NICK Baker who was sentenced to 14 years in a Japanese prison will find out today if he can appeal against his sentence.
His mum Iris Baker, from Oaksey, near Malmesbury, will be waiting on tenterhooks this morning for a result from Mr Baker's second appeal hearing.
She said: "I am just praying for a miracle, but I have come up against so many brick walls since Nick was arrested that my hopes aren't high."
Mr Baker was sentenced a year ago after he was found with 41,120 ecstasy tablets in his bag.
He has always protested his innocence and Mrs Baker has been running a campaign for his release.

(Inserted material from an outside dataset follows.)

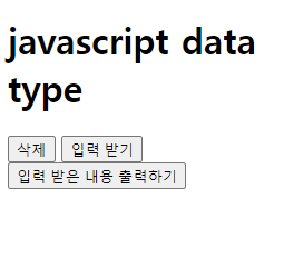입력받기 버튼을 눌러 팝업창에 일정 텍스트를 입력하고 확인을 누른뒤 입력 받은 내용을 출력하기 버튼을 누르면 입력한 텍스트가 출력된다.

She said: "His lawyer will be given just one and a half hours to establish a case for appeal, and I have a horrible feeling that it will not be finished and Nick will have to wait even longer for the decision.
"The Japanese legal system is a joke. He has already had one hearing for the appeal, and that was only given one and a half hours as well, so he just has to wait longer and longer.
"And all this is just to determine whether he will be allowed to appeal."
If Mr Baker's appeal is denied he will have to pay a £27,000 fine within two weeks, or be forced to do 500 hours of hard labour in addition to his jail sentence.
Mrs Baker said: "I don't have that sort of money so we are trying to raise it through an appeal. So far we have got £7,000."
The appeal was given a boost this week when New Zealander Nic Holmes agreed to run the Blackpool marathon in aid of Mr Baker's fund.
Mrs Baker said: "Nic lives in Japan, and he was visiting someone else in the prison when he heard about my Nick and asked if he could go and visit him.
"Now he has been visiting him every week for about three months, and he calls me and tells me how Nick is doing.
"He is only allowed to visit for ten minutes at a time, but it gives Nick ten minutes out of his cage, and someone to talk to every week, and I am so grateful for that.
"He tells me that Nick has lost even more weight, his eyesight is now very blurred and he has constant back and joint pain from being forced to sit cross-legged in his concrete cell, but it is his mental health I am most worried about.
"He worries obsessively over everything I tell him from home and is so depressed."
University lecturer Mr Holmes was so moved by Mr Baker's plight that he is running the marathon to raise both money and awareness.
Mr Holmes will arrive in the UK from Japan tomorrow and run the marathon on Saturday.
He has already raised £1,000 before even arriving in the UK, and any sponsorship from Mr Baker's home town can be directed to irisbaker54@hotmail.com.
Mr Baker, a 33-year-old father-of-one, was travelling in advance of the World Cup in 2002 when he was arrested at Narita Airport in Tokyo after being found with 41,120 tablets of ecstasy and 990 grams of cocaine in his luggage.
He and his family maintain that he was duped into carrying the drugs by another passenger, but the courts dismissed their claims and sentenced him to 14 years.
In her efforts to free her son, Mrs Baker has contacted hundreds of victim support groups, and last month appeared on GMTV to talk about his plight.
She was joined by Stephen Jacobi of the campaign group Fair Trials Abroad, as part of the British Victim Support Week.
She has also set up the website www.justicefornickbaker.org to publicise his situation.